I'm trying to parse a derivation of a lagrange-multiplier fourier technique, and can't quite grasp an intermediate step. The author sets up
$$ e_x(z,t) = \frac{1}{\sqrt{2 \pi}} \int_{-\infty}^{+\infty}{(f(\omega) e^{- j (\omega/c_0)n(\omega)z})\ e^{j\omega t} d\omega} $$
Where n() is a complex function of $\omega$. c, z, are real, and $f(\omega)$ is the function of interest.
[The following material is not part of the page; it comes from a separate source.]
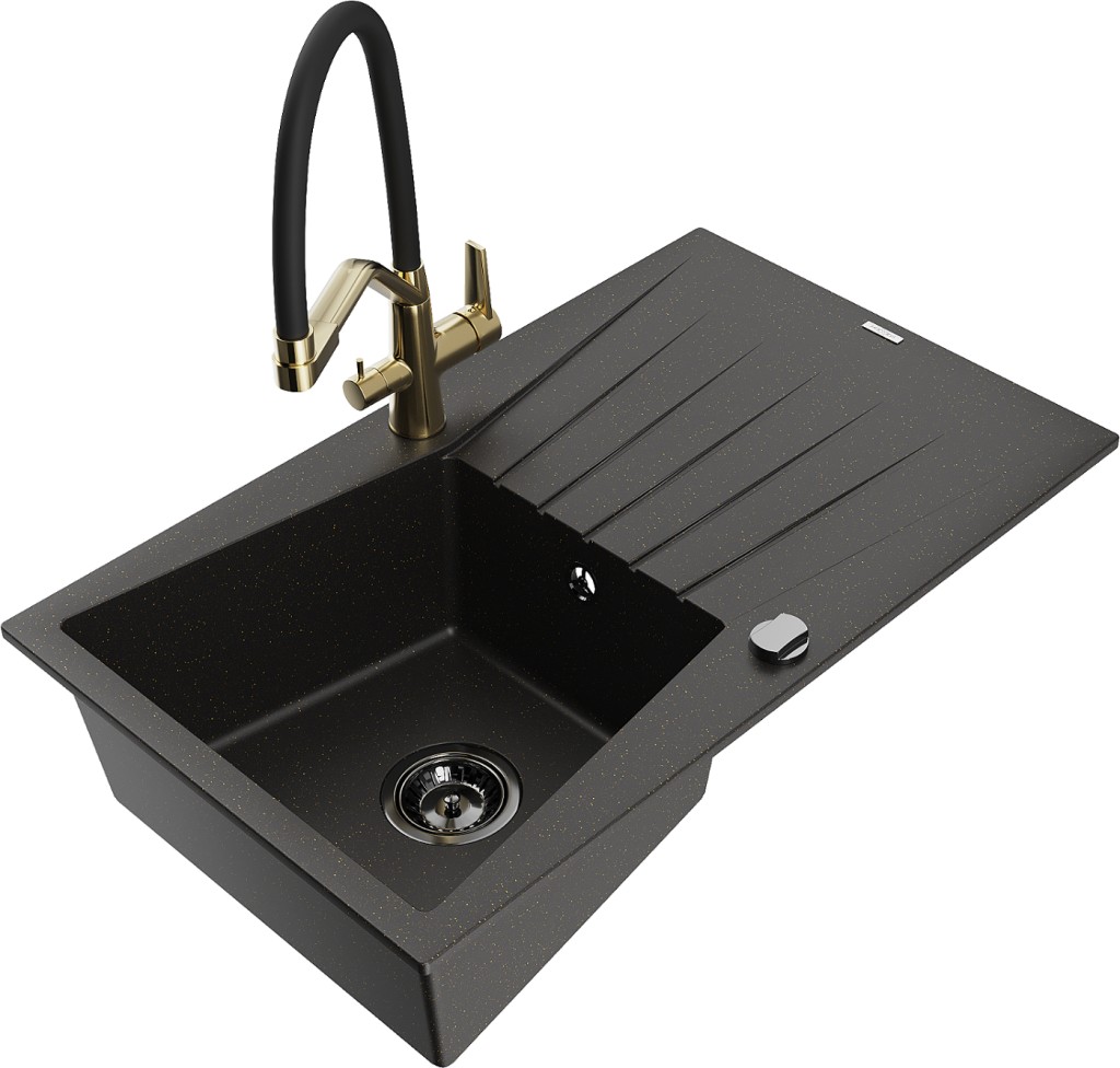 Technická data: dřez: Rozměr: 775x470x200mm Hloubka komory: 180 mm Rozměry komory: 410x355 mm Průměr odtoku: ø90 mm Typ: 1-miska s odkapávačem Typ: Zapuštěné do pracovní desky Barva: černá/zlatá metalíza Povrchová úprava sifonu: černá Materiál: žula (80 % žulové kamenivo, 20 % pryskyřice) Přepadový otvor: Ano Otvory: (baterie, automatické) 2 Instalace: Univerzální, lze instalovat s odkapávačem na levou nebo pravou stranu Vysoká odolnost proti poškrábání a změně barvy Odolnost proti tepelným šokům Snadno čistitelný povrch kuchyňská baterie: Materiál: mosaz Barva: Zlatá/Černá Hlavy: Keramické Provzdušňovač: Ano Typ hubice: Flexibilní s mosazným držákem Rozsah výtoku: 260 mm Výška: 405 mm Typ: Dvě rukojeti Dvouhlavá baterie s přídavným filtrem na pitnou vodu

Now they set up a functional to minimize,
$$\xi = -e_x(z,t) + \lambda W $$
and then take the gradient of e_x W.R.T $f(\omega)$.
$$ \nabla \xi = - \frac{1}{\sqrt{2 \pi}} \left( e^{- j (\omega/c_0)n(\omega)z} \right)^\star \ e^{-j\omega T} +\ ...$$
where * is the complex conjugate.
Both Mathematica's VariationalD and Matlab's functionalDerivative both seem to balk at taking the gradient of that improper integral for some reason.
This is probably super straightforward, but...where did that complex conjugate come from? Previous questions would seem to suggest that the gradient of F(f(omega)) should be f(omega).
I still have no mathematical understanding of how this could possibly be the case, but (as discussed in Waveform Optimizations for Ultra-Wideband Radio Systems, David M. Pozar) this problem is exhaustively considered in L. E. Franks, Signal Theory, revised edition, Dowden & Culver, Stroudsberg, PA, 1981..
In that text, the gradient of a transfer function is indeed given as the transfer function multiplied by its complex conjugate.
Note also that this isn't obviously the same kind of variational problem that tools like functionalDerivative are set up to solve; they seem to assume that you want to minimize the functional -f(x) + lambda W integrated over some path with well-defined endpoints - see Feynman's Principle of Least Action, but it's not obvious to me that this construction makes any sense for this problem. I might be grossly misunderstanding, however.